One of the advantages of a document database is that it is schema-less. You're completely free to define the contents of a document at all times; you're not tied to a predefined set of tables and columns as you are with a SQL database.
Real-world example
If you're building a CMS on top of a SQL database, you'll either have a separate table for each CMS content type, or a single table with generic columns in which you store all types of content. With separate tables, you'll have a lot of tables. Just think of all the join tables you'll need for things like tags and comments for each content type. With a single generic table, your application is responsible for correctly managing all of the data. Also, the raw data in your database is hard to update and quite meaningless outside of your CMS application.
With a document database, you can store each type of CMS content in a single collection, while maintaining a strongly defined structure within each document. You could also store all tags and comments within the document, making data retrieval very efficient. This efficiency and flexibility comes at a price: your application is more responsible for managing the integrity of the data. On the other hand, the price of scaling out with a document database is much less, compared to a SQL database.
Advice
As you can see, both SQL and NoSQL solutions have advantages and disadvantages. As David already pointed out, each type has its uses. I recommend you to analyze your requirements and create two data models, one for a SQL solution and one for a document database. Then choose the solution that fits best, keeping scalability in mind.

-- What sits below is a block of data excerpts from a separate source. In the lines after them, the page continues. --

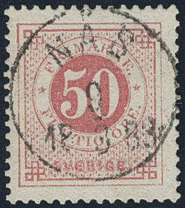 Sweden. Facit 36e used, 50 öre rose. EXCELLENT cancellation NÅS 9.3.1884.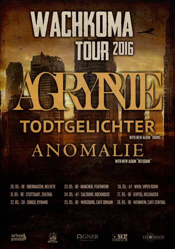 Den Headliner machten AGRYPNIE, auf die wir uns sehr gefreut hatten – und die wir auch schon einige Male live gesehen haben. Der Keller war zu Beginn so voll wie nie und nach einer längeren Umbaupause ging es dann auch los und zwar mit einem neuen Song. Leider teilten AGRYPNIE das viel zu laute Schicksal von TODTGELICHTER, so dass jeder, der die Show irgendwie genießen wollte sich verzweifelt Gehörschutz in die Ohren stopfen musste. Schade! (An die Veranstalter: Was war da los?) Spätestens ab dem dritten Song konnten AGRYPNIE einen richtig packen, die Show an sich war trotz technischer Probleme ganz gut zu genießen und trotzdem verließen einige Zuschauer (wegen der Lautstärke?) den Raum.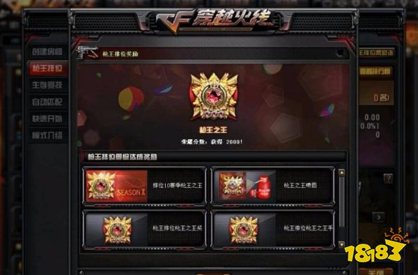 cf穿越火线荣耀枪王首先要排位分数达到4000分升枪王5段位,然后根据自己所处的区服排位分数达到前100名,才能获得荣耀枪王称号。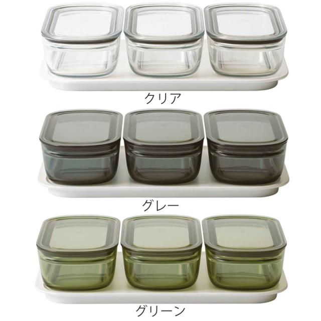 | 内容量 | 保存容器Mサイズ:同色3個入り 付属品:収納トレーLサイズ |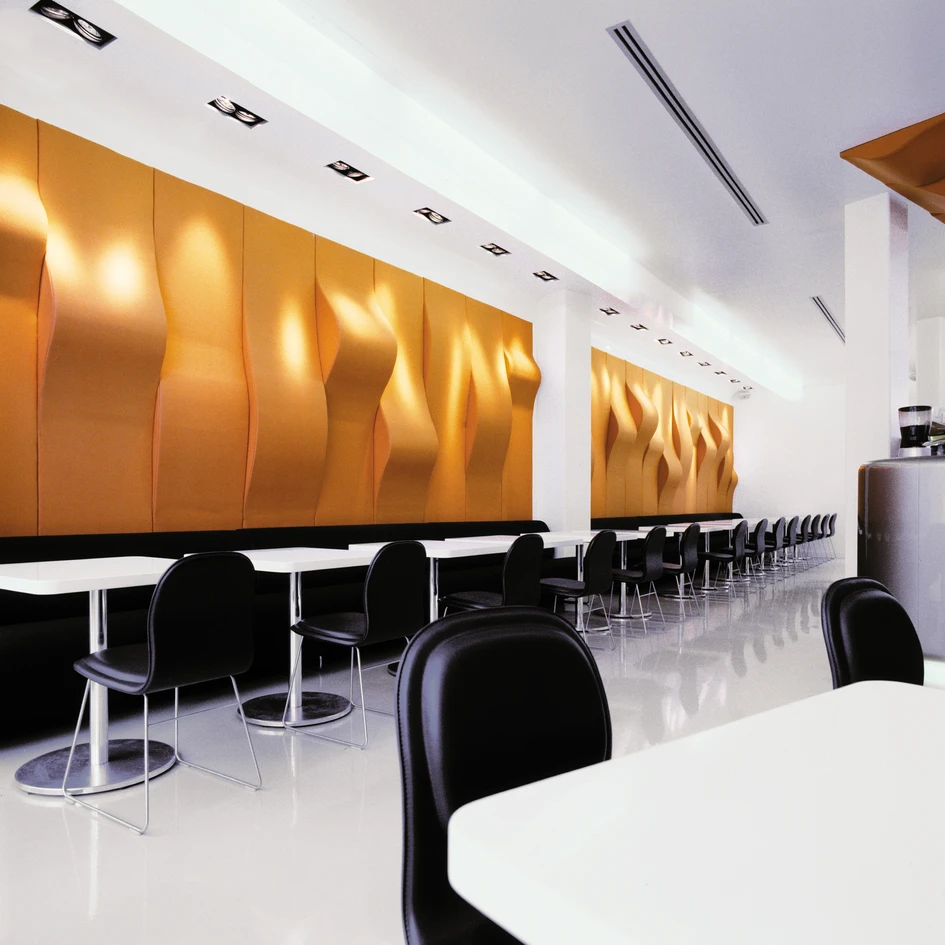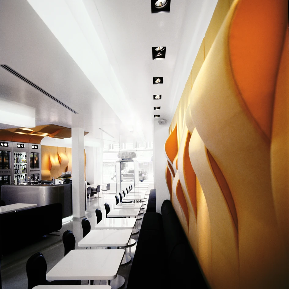 A vibrant concept café with curvy and voluptuous bright orange walls which provide a modern setting and cosy feel. Applying a holistic design approach the space evokes all senses. From the interior layout to the food, drinks and music; everything has been given special attention.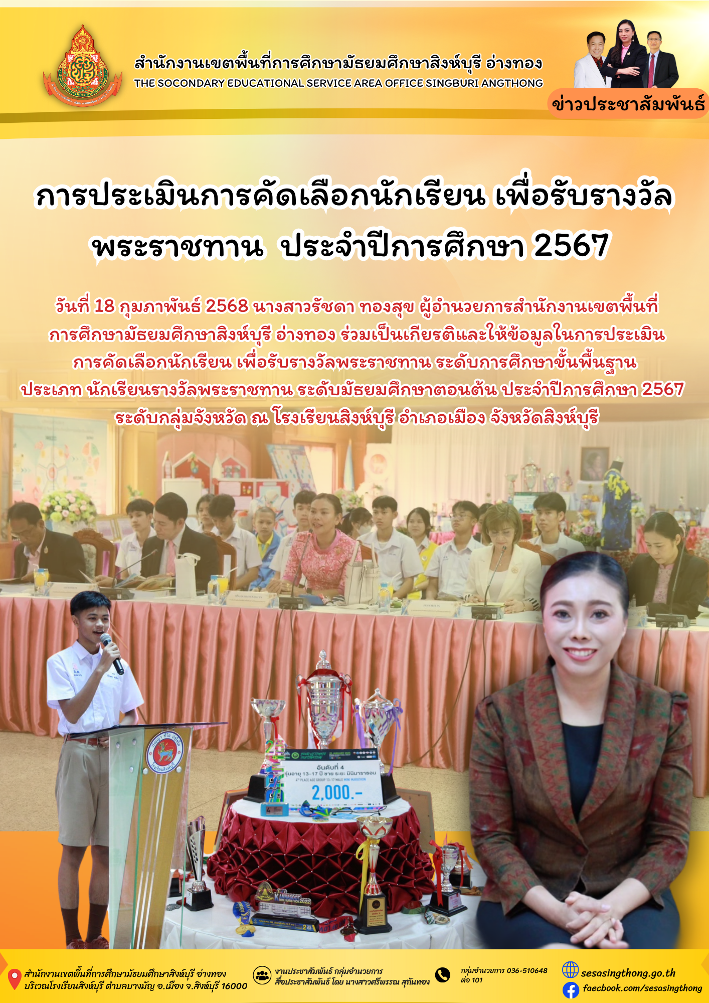 การประเมินการคัดเลือกนักเรียน เพื่อรับรางวัลพระราชทาน ประจำปีการศึกษา 2567

I'd say that the number one thing you're overlooking (at least based on the content of the post) is that document databases are not meant to replace relational databases. The example you give does, in fact, work really well in a relational database. It should probably stay there. Document databases are just another tool to accomplish tasks in another way, they're not suited for every task.
Document databases were made to address the problem that (looking at it the other way around), relational databases aren't the best way to solve every problem. Both designs have their use, neither is inherently better than the other.
Take a look at the Use Cases on the MongoDB website: http://www.mongodb.org/display/DOCS/Use+Cases
A document db gives a feeling of freedom when you start. You no longer have to write create table and alter table scripts. You simply embed details in the master 'records'.
But after a while you realize that you are locked in a different way. It becomes less easy to combine or aggregate the data in a way that you didn't think was needed when you stored the data. Data mining/business intelligence (searching for the unknown) becomes harder.
That means that it is also harder to check if your app has stored the data in the db in a correct way.
For instance you have two collection with each approximately 10000 'records'. Now you want to know which ids are present in 'table' A that are not present in 'table' B.
Trivial with SQL, a lot harder with MongoDB.
But I like MongoDB !!
OrientDB, for example, supports schema-less, schema-full or mixed mode. In some contexts you need constraints, validation, etc. but you would need the flexibility to add fields without touch the schema. This is a schema mixed mode.
Example:
{
'#rid': 10:3,
'#class': 'Customer',
'#ver': 3,
'name': 'Jay',
'surname': 'Miner',
'invented': [ 'Amiga' ]
}
In this example the fields "name" and "surname" are mandatories (by defining them in the schema), but the field "invented" has been created only for this document. All your app need to don't know about it but you can execute queries against it:
SELECT FROM Customer WHERE invented IS NOT NULL
It will return only the documents with the field "invented".